In this case, add " -illuminaPE"
to the end of the command. If you download reads
from the SRA they often have the same name for each paired
end read - in these cases you don't want to remove the
last character, so do NOT add " -illuminaPE" to the
end of the command in that case.
Another typical option to add for Hi-C data is " -tbp 1", which will
only consider read pairs with the exact same ends
once. Given the search space in Hi-C, you would
never expect to see reads-pairs start from the exact same
places twice in the data (at least in the case of
sonication). If you do, they are likely clonal and a
result of over-sequencing your library or some other
artifact.
On a side note, the HOMER tag directory created for
paired-end reads is very similar to the directories
created when running makeTagDirectory
for single-end reads. The paired end reads are
stored in *.tags.tsv files (extended format to include the
pair), only each read will get 2 entries in the
appropriate *.tags.tsv so that the reads can be indexed on
each chromosome in one file. A flag is also set in the
tagInfo.txt file to inform HOMER to treat the experiment
as a paired-end file. Many of the programs in HOMER,
such as makeUCSCfile,
will treat paired-end tag directories as "single-end"

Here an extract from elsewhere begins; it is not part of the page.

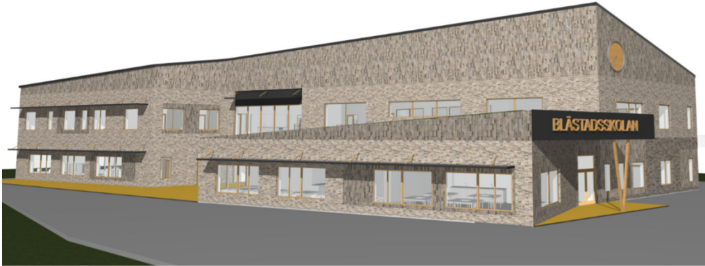
Bild 5 visar ett förslag på fasaden på den nya byggnaden.

Med reservation för att gestaltningen inte kommer att se ut som på bilden.

directories to create output. This can be useful if
you want to visualize read coverage in the UCSC Genome
Browser or want to find peaks in the Hi-C read coverage
with findPeaks.
One important note: the tagInfo.txt
file will report the "Total Tags" value as 2x the total
number interactions. This is because HOMER is
storing each PE tag twice - the software later adjusts
this number to reflect this redundancy, but keep this in
mind when interpreting this number.
Alternative Input Files
HOMER will also accept "Hi-C Summary" files (use
"-format HiCsummary"), which is a simple text file
format that contains the mapping positions for a read-pair
on each line. These files are tab-delimited
text files with the following column assignments:
Hi-C Summary Format (columns):
1. Read Name (can be blank)
2. chromosome for read 1
3. positions for read 1 (5' end of read, one-indexed)
4. strand of read 1 (+ or -)
5. chromosome for read 2
6. positions for read 2 (5' end of read, one-indexed)
7. strand of read 2 (+ or -)
An example of using a Hi-C summary file:
makeTagDirectory proB-HiC -format
HiCsummary proB.HiC.FA.summary.txt
You can also combine Hi-C tag directories or add *tags.tsv
files, just like with the regular makeTagDirectory
command. For example, to combine directories:
makeTagDirectory ES-HiC-All -d ES-HiC-rep1/
ES-HiC-rep2/ ES-HiC-rep3/
Hi-C Quality Control
When running the makeTagDirectory
program, several standard quality control analysis files
will be created that resemble the analysis carried out for
single-end reads. You can also check for GC bias by
specifying the genome (i.e. " -genome hg19") and " -checkGC" at the
command line (analysis will be conducted by treating the
samples as "single" reads).
The following two Hi-C/paired-end read specific QC files
will also be produced by default:
petagLocalDistribution.txt
This file is similar to
the autocorrelation file, except that it shows the
relationship between the 5' ends of the paired
reads. This data is used to determine the fragment
size of the Hi-C fragments used for sequencing, assuming
that we should see a natural peak from "re-ligation
events" or random genomic fragments that got into the
sequencing library. Below is an example
(Here we'd estimate the fragment length to be about 350
bp):
petagDistDistribution.txt
This file contains a
histogram describing the fraction of paired-end reads
that are found at different distances from one
another. The file stops at 300 million bp, and is
divided into 1kb bins. The top of the file also
contains the fraction of interchromosomal
interactions. Below is an example (plotted as a
log vs. log plot). The fraction of PE reads with
interactions greater than 300 Mb in distance are shown
in the final point.
Restriction Sites
One major problem that can
arise during Hi-C is that "background" ligation events may
occur. These are ligation events that occur after
sonication [I think] as they seem to occur between random
fragments of DNA with no regard to restriction site used
for the Hi-C assay. In theory, all reads should be
in the vicinity of the restriction site used for the
assay, and if they aren't, there is a good chance they are
noise (more later on this). To see the distribution
of reads around your restriction site, use the option " -restrictionSite <seq>"
(i.e. "- restrictionSite
AAGCTT"). You MUST specify the genome so
that HOMER can figure out where the restriction sites are
located (i.e. " -genome
mm9"). If the restriction site has a lot of
star activity, you can also add " -rsmis <#>" (i.e. " -rsmis 1") to indicate
how many mismatches are tolerated in the sites. By
default it only looks for perfect restriction sites.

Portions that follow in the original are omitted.